**GOAL OF THE EXERCISE:** The reply should hold only the lines below beginning at the one with "Белоснежный глянцевый цвет" and ending at the one with "Из-за вспышки видимо.", copied exactly, with every picture left out.

**EXTRACTED ENTRIES:**
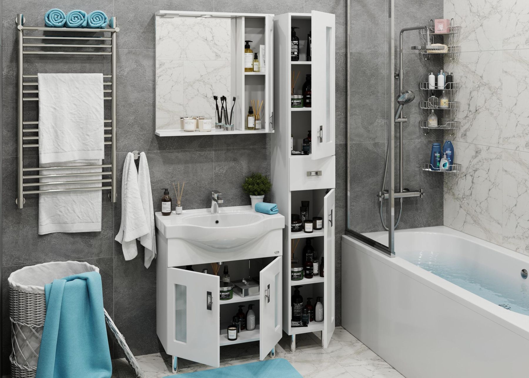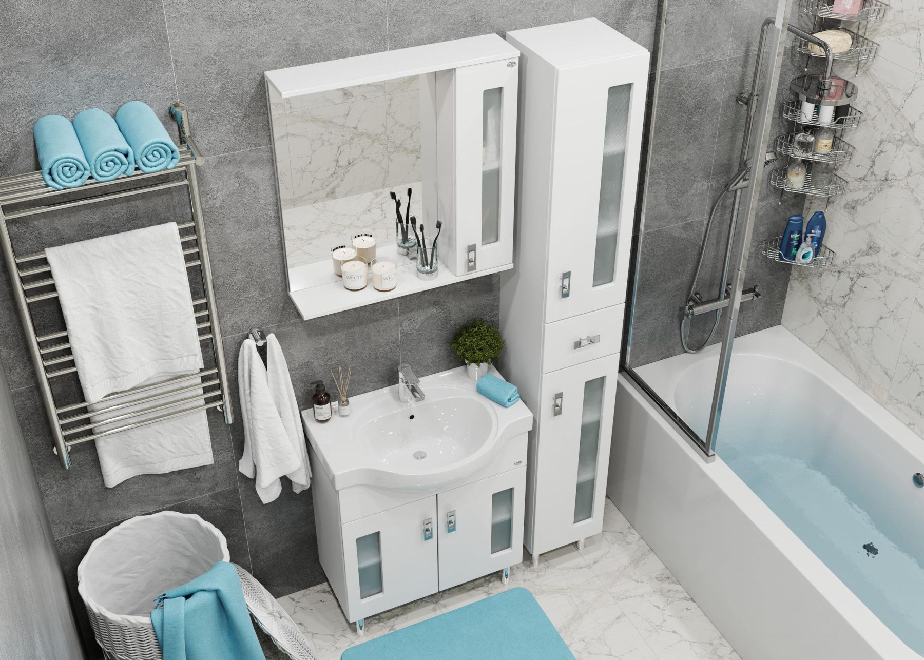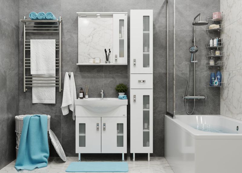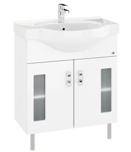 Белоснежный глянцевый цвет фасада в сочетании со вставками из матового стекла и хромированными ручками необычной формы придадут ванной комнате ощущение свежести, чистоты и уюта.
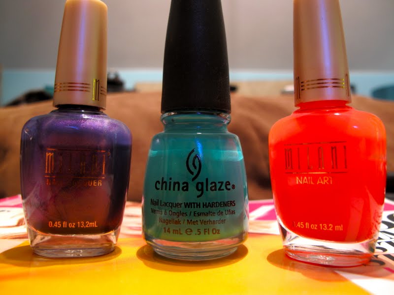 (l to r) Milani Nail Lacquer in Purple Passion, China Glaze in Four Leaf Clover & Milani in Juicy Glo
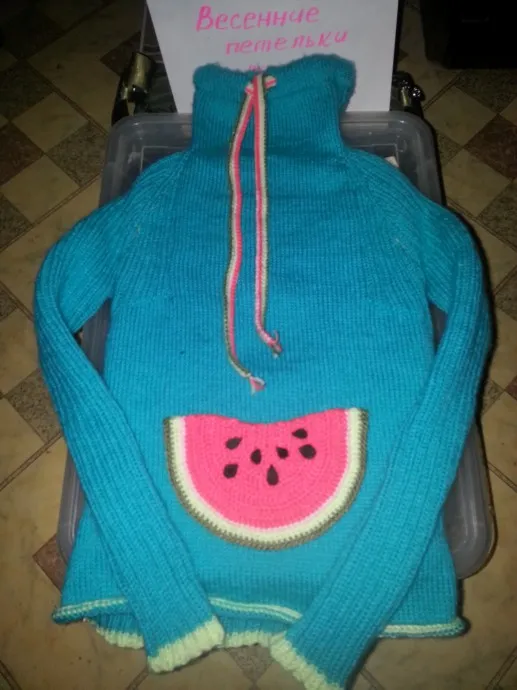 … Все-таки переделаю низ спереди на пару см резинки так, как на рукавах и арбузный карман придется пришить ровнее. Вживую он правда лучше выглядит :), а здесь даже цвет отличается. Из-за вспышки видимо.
* * *
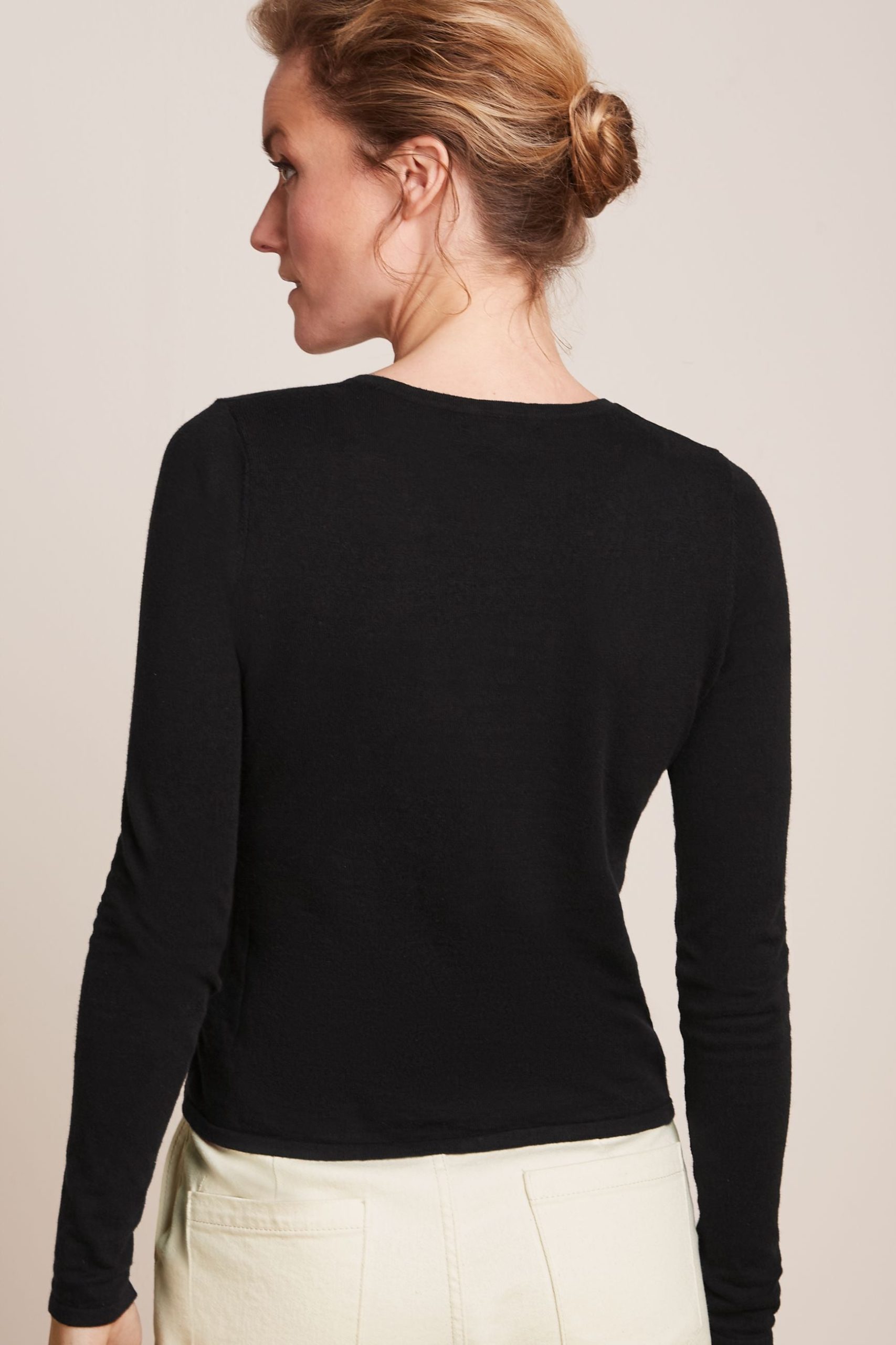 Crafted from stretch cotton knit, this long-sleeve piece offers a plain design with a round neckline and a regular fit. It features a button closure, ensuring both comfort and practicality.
* * *
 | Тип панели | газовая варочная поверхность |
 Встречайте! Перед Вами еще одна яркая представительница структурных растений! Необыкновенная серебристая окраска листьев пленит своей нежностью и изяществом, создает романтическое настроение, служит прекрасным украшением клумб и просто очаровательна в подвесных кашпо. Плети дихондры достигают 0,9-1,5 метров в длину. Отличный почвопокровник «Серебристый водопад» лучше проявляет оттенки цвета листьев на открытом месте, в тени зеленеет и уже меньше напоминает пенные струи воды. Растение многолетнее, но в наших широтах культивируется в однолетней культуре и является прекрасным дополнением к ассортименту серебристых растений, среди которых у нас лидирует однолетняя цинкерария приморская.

**RESULT OF THIS TASK:**
 Белоснежный глянцевый цвет фасада в сочетании со вставками из матового стекла и хромированными ручками необычной формы придадут ванной комнате ощущение свежести, чистоты и уюта.
 (l to r) Milani Nail Lacquer in Purple Passion, China Glaze in Four Leaf Clover & Milani in Juicy Glo
 … Все-таки переделаю низ спереди на пару см резинки так, как на рукавах и арбузный карман придется пришить ровнее. Вживую он правда лучше выглядит :), а здесь даже цвет отличается. Из-за вспышки видимо.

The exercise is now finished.